However, if instead, Donald Trump, China, and even the Australian Government are permitted, even encouraged, to politicise a pandemic and use the WHO to have a go at each other, or as a diversion from arguably glaring personal incompetencies in the case of Mr Trump, or from catastrophic institutional failures and coverups in the case of China, in the middle of a pandemic, we all lose.
It is unfathomably irresponsible for certain politicians and media organisations to engage in a verging on the hysterical, ill-timed, and very distracting campaign against the WHO in the midst of a global pandemic.

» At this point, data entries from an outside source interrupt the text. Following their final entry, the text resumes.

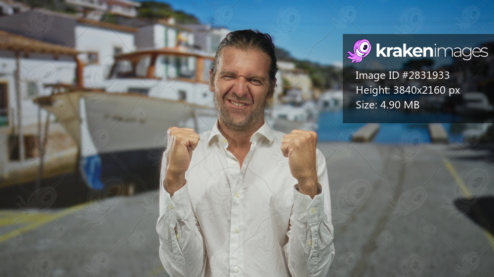 Man with clenched fists celebrating beside docked boats on a street lined with buildings; triumph excitement.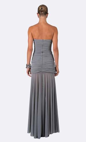 The Elodie Dress is the definition of elegance. Designed strapless with a ruched mini underlay, it flows into a sheer draped maxi for a striking silhouette. Effortlessly flattering and confidence-boosting, it ensures youll be the best dressed at any black-tie event. This is a dress style. Fit: Model wears size small and is 5'11". Runs true to size. Care: Dry clean only.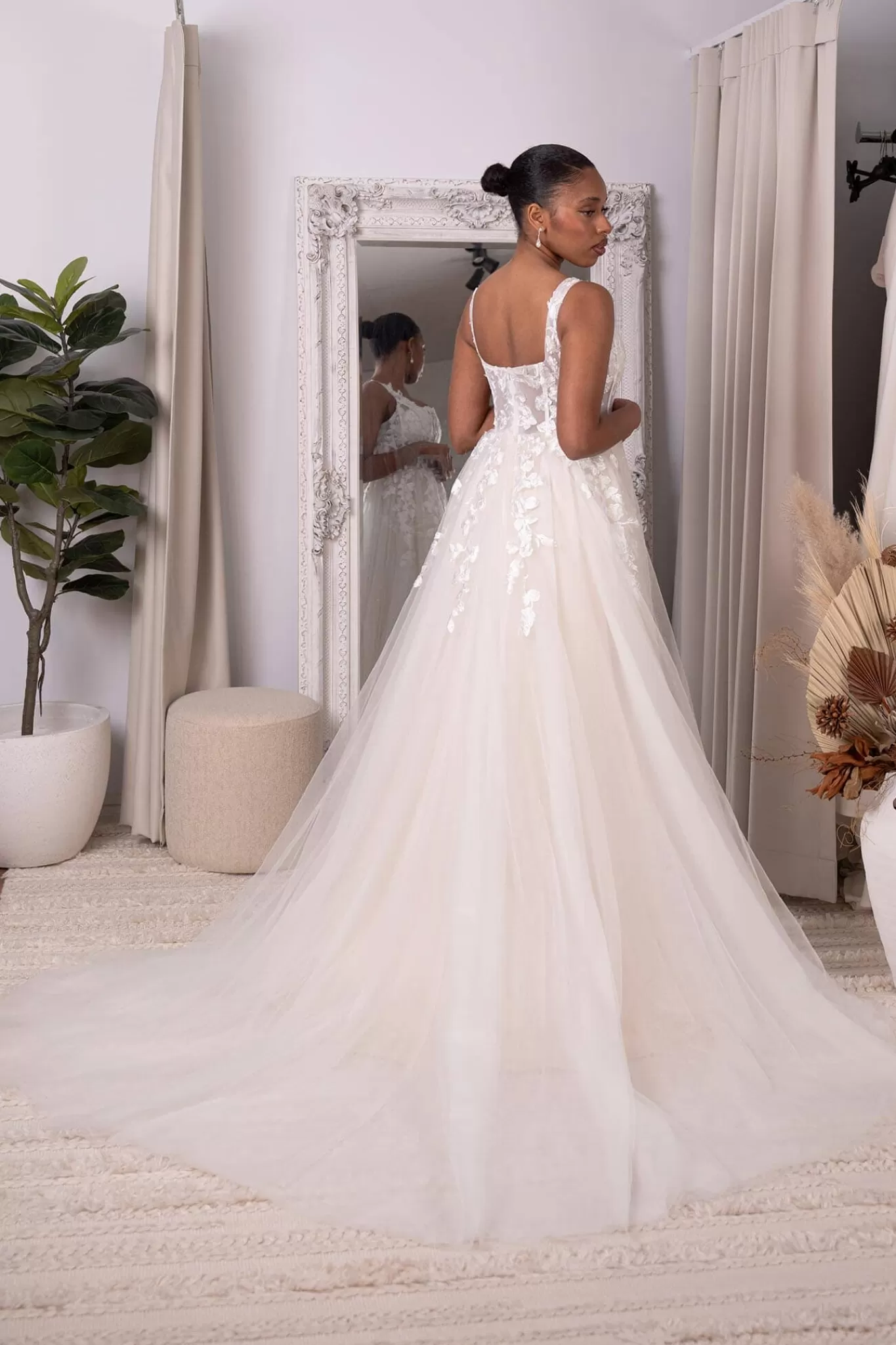ROSA is a sweet A-line wedding gown with a modern flair. Featuring square neckline, floral and vine-like lace motifs embellished on layered tulle. The exposed-bone bodice adds a trendy and sexy touch, finished with an airy A-line skirt and a flowing train, this romantic gown is a dream for the modern bride.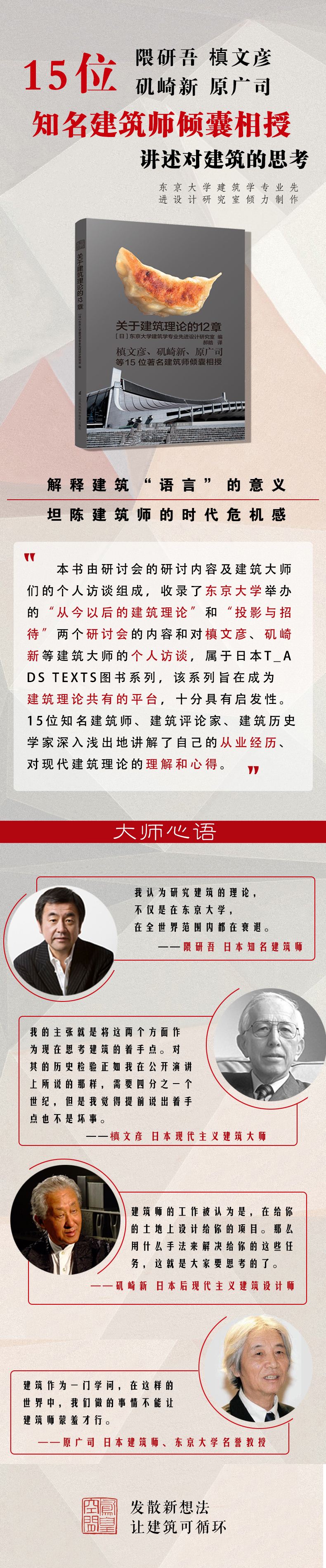 本書不同于以往生澀難懂的理論類書籍,在書中,隈研吾、槙文彥、磯崎新、原廣司、杰西·雷澤、梅本奈奈子、杰弗里·凱布尼斯、西爾維亞·萊文等15位著名建筑師、建筑評論家、建筑歷史學(xué)家用深入淺出的語言將他們的從業(yè)經(jīng)歷、對現(xiàn)代建筑理論的理解和心得等內(nèi)容傾囊相授。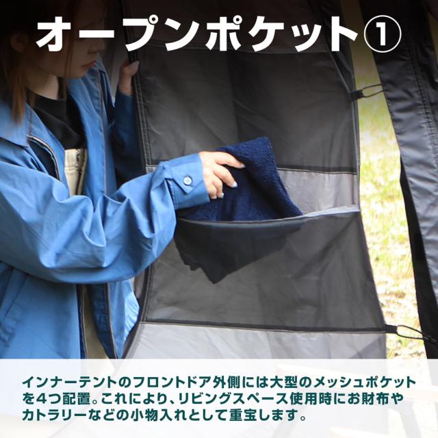 (1)インナーテントのフロントドア外側には大型のメッシュポケットを4つ配置。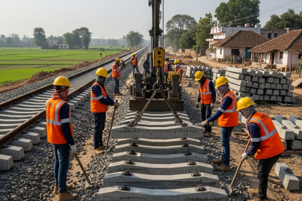 Railway infrastructure in Odisha increasingly relies on high-quality precast concrete components to upgrade track reliability and safety across the state. Pre-stressed concrete sleepers (PSC) — precast, reinforced concrete ties — are laid transversely beneath rails, ensuring correct gauge and alignment while transferring loads evenly onto ballast, thereby providing firm support and long-term structural stability.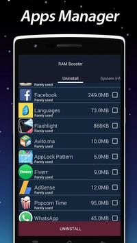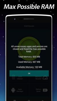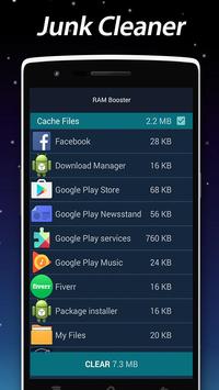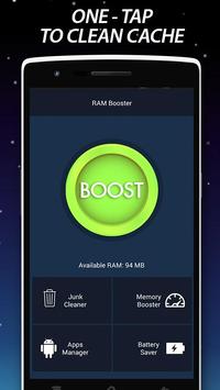 RAM Booster The best application to speed CPU up to 70%, optimize android system, clean temporary memory, clean RAM and cache, clean SD card, remove junk file, speed game and browser up, close application running under background, increase starting speed and boost internet connection speed, boost loading file and SD card. With RAM Booster, you can optimize your android devices by several simple steps.

Of course, like any bureaucracy, the WHO is also ripe for some organisational reforms going forward, but that should wait until the world gets the upper hand on the COVID-19 pandemic, which arguably should not have been a huge surprise to nations given the repeated warnings of such an event over the better part of the past two decades, and some recent scares, from Ebola to SARS, MERS, and the swine flu.
Is the WHO perfect? Of course not.
Have they made mistakes? Of course, but let’s not overlook that it is an international body operating on a consensus basis, so any failings of the WHO are arguably a collective international failing.
Can all the problems with the COVID-19 response blamed on the WHO? Absolutely not.
One only needs to observe the limited spread of COVID-19 so far in nations such as Australia, New Zealand, or Greece, to see the critical difference between nations with complacent governments and arguably highly incompetent responses to the emerging pandemic, vis-à-vis governments that took responsibility, and timely and decisive action.
Further, some of the countries hardest hit by the COVID-19 pandemic have a track record of senior government officials systematically denying the severity and dangers of the growing pandemic despite the emerging reality of the situation, and a lack of sensible, evidence-based planning, such as the highly questionable initial concept of building up ‘herd immunity’ in the UK by permitting the virus to spread, that resulted in early failures to prepare, ill-considered decisions along the way, and catastrophic long-term consequences, but catastrophic consequences entirely of their own makings.
The beginning – 2019
What we know so far is that on 10 December 2019, Wei Guixian, a seafood merchant at Wuhan’s Huanan market, started to feel sick and presented herself at a local health clinic, later becoming one of the first known SARS-CoV-2 infections in China.
She is widely considered to be ‘patient zero’, although in epidemiology ‘patient zero’ can be a very difficult matter to establish, and rarely is there absolute certainty.
She was admitted at Wuhan Union Hospital on 16 December. A doctor there described her illness as ‘ruthless’ and told her several other people from the same market had already come in with similar symptoms, she later recounted in an interview with Chinese news outlet The Paper.
On 16 December a patient was admitted at Wuhan Central Hospital with an infection in both lungs resistant to drugs. Staff later learned he also worked at Wuhan’s Huanan market.
On 27 December, Wuhan health officials were reportedly informed by local laboratory executives that a new coronavirus is causing the illness being observed at their health facilities.
On 30 December, Ai Fen, a top director at Wuhan Central Hospital, posted information to WeChat about the new virus. She was promptly reprimanded for doing so, and was told not to spread information about the matter.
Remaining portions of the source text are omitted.